Whilst Masterworks’ initial intention was to use blockchain-technology to record and track fractional ownership in artworks, in the end the company decided to go for a traditional off-chain approach, which was probably a good idea, as other companies that tried to introduce both blockchain and fractional ownership in physical art have not yet managed to achieve the same level of attention.

 

The Future

 

Based on a recent survey for the Deloitte & ArtTactic Art & Finance Report 2021, 21% of collectors said that they were interested in investing in art through a fractional ownership model, with a significantly higher, 43%, of collectors under 35 years old saying the same. The pandemic seems to have been a catalyst for changing attitudes towards art investment, and corresponds to the growth we have seen in both the art market and the fractional art investment industry over the last 18 months.

 

So will the boom in fractional art ownership continue?

 

As the emotional component of art ownership is largely stripped out when you invest in a share of an artwork, the investment behaviour is likely to mimic that of any traditional investment. Bull markets will attract more investors and bear markets will likely see investors running for the exit.

 

What does this mean for the fractional art investment market? The demand is likely to continue as long as the art market remains as robust as it is now. However, so far, the fractional ownership market has been in a honeymoon period, where the post-pandemic art market recovery has fuelled art sales and prices, and most fractional ownership investors are yet to experience the chill of a market downturn, where liquidity dries up and prices fall (yes, prices of art can go down!).

 

To make profit from art, the following ingredients are essential: expertise and knowledge, keeping costs to a minimum, good timing, access to inventory (preferably at below-market prices), access to buyers and the ability to take a long-term view and ride out any down-cycles. Those that were spooked by the financial crisis in 2008 and the pandemic in 2020, would have been better off sitting tight, as the art market showed strong resilience in both cases, and recovered within a 12–18 month period. Recent analysis by ArtTactic looking at artworks with repeat auction sales in recent New York Marquee auctions in May, shows a positive correlation between the amount of time the artwork was kept away from the public market and the return on the investment.

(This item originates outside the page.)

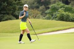 蛭田みな美は1番ホールでいきなりのバーディを奪い、スコアをひとつ伸ばして11アンダーとしている。岩井明愛は5番ホール・パー4で長いバーディパットをきれいに沈めて、こちらも首位と2打差の11アンダー・2位タイに。
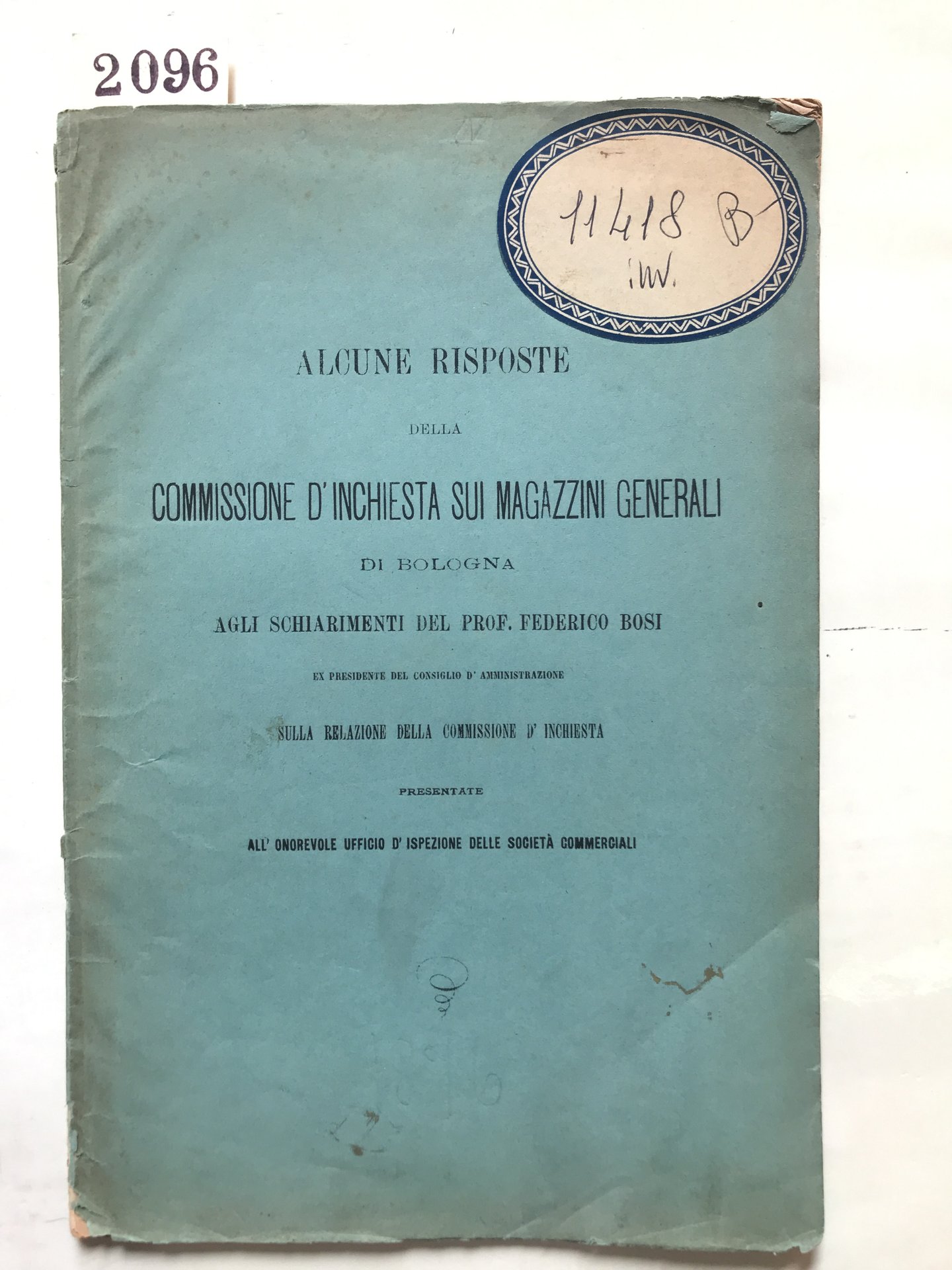 ALCUNE RISPOSTE DELLA COMMISSIONE D'INCHIESTA SUI MAGAZZINI GENERALI DI BOLOGNA. Agli schiarimenti del Prof. Federico BOSI, sulla relazione della Commissione d'inchiesta presentata all' Onorevole Ufficio d'Ispezione delle Societa Commerciali.

Among the 50 lots kept away from the auction market between 10 and 30 years, 49 sold with a positive average annual return of 8.8% (not adjusted for inflation). However, artworks kept away from the market for less than 10 years showed a more volatile performance, with 5 out of 13 lots seeing a negative return (see graph below).

 

Fractional Ownership of Art ArtTactic

Source: ArtTactic

 

 

One of the main challenges for fractional investment platforms right now, is that they are acquiring art at price levels that are reaching a historic high, and if you add the transaction costs to this (i.e. buyer’s premium if bought at auction, fees for regulatory listings, management fees and share of profits, if any), art prices need to keep going up much further before investors can expect any profits. If this doesn’t happen, investors need to brace themselves for the long haul, and hope that history keeps repeating itself.